The reality check is more complex. The Democrats were sharply defeated, losing the House of Representatives, but not as catastrophically as was predicted earlier in the summer. And, they retained control of the Senate, saving their vulnerable majority leader Harry Reid. Moreover, Democrats gained a great, oft unmentioned prize: the governorship of California, which will assist them substantially in the 2012 presidential election.
The Republican victory was substantial--very much so--but again with caveats. The party victorious in the presidential election almost always loses seats in the subsequent "off year" mid-term election. Additionally, a good number of Republican victories were "reclama" events; the massive Obama sweep of 2008 elected Democrats in traditional Republican districts. Victories against such newbie Democratic representatives reflected the pendulum returning toward equilibrium. So some gains were simply the consequence the Obama tidal wave receding.
And knowing U.S. predilection for litigious approaches some contested elections probably won't be decided until July 4.
Nevertheless, contradicting predictions from 2008 when various observers believed the Republicans were dead for a generation, the corpse arose. And for this resurrection, the "Tea Party" deserves substantial credit. Unorganized, amorphous, chaotic, multifaceted, the Tea Party provided the proverbial "mad as hell and not going to take it anymore" galvanic energy that disinterred the Republicans. Reacting against the imperial overstretch and snide condescension that epitomized the Obama administration, Tea Party acolytes, in and out of office, sparked the opposition. But demonstrating that every positive has a negative, they adopted more-conservative-than-thou semi-litmus tests probably costing Republicans victories in senate races that would have won both houses of Congress. Now the Republicans have the problem of trying to live in the same structure with a more than infrequently furious "adolescent" with tremendous energy and commitment, but who believes his parents are idiots. For now, the Republicans are happy with the energized results and hope Tea Party fury will continue focused against Democrats and not prompt a third party movement.

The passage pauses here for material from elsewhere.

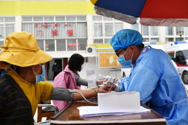 5月18日,醫務人員在為準備接種新冠疫苗的居民測量血壓。新華社記者 孫瑞博 攝

The core of the American political problem, however, is deep and serious dissatisfaction with its government. Significant majorities appear to believe that government is not as good as the people, and a majority would have been willing to see all congressional members (including their own) replaced. Levels of popular support for Congress and for both major political parties are exceptionally low. Thus the "Republicans" did not win the 2010 election; Democrats (and particularly incumbents) lost it.
The obvious prospect in Congress is for gridlock. There will be ostentatious professions of "outreach" and "across the aisle" bipartisanship which should be taken with a dump truck load of salt. Any outstretched hand will be wacked off at the wrist; we will see two years of political thrust and parry with Obamaites deflecting efforts to undo flagship health legislation while praying that the economy/employment will rebound sufficiently to gainsay Republican charges of disastrous debt/deficit Democrat doings. We can expect nothing but conflict until the 2012 election either makes Obama a Carter/GHWBush one-termer or returns him victorious for "four more years."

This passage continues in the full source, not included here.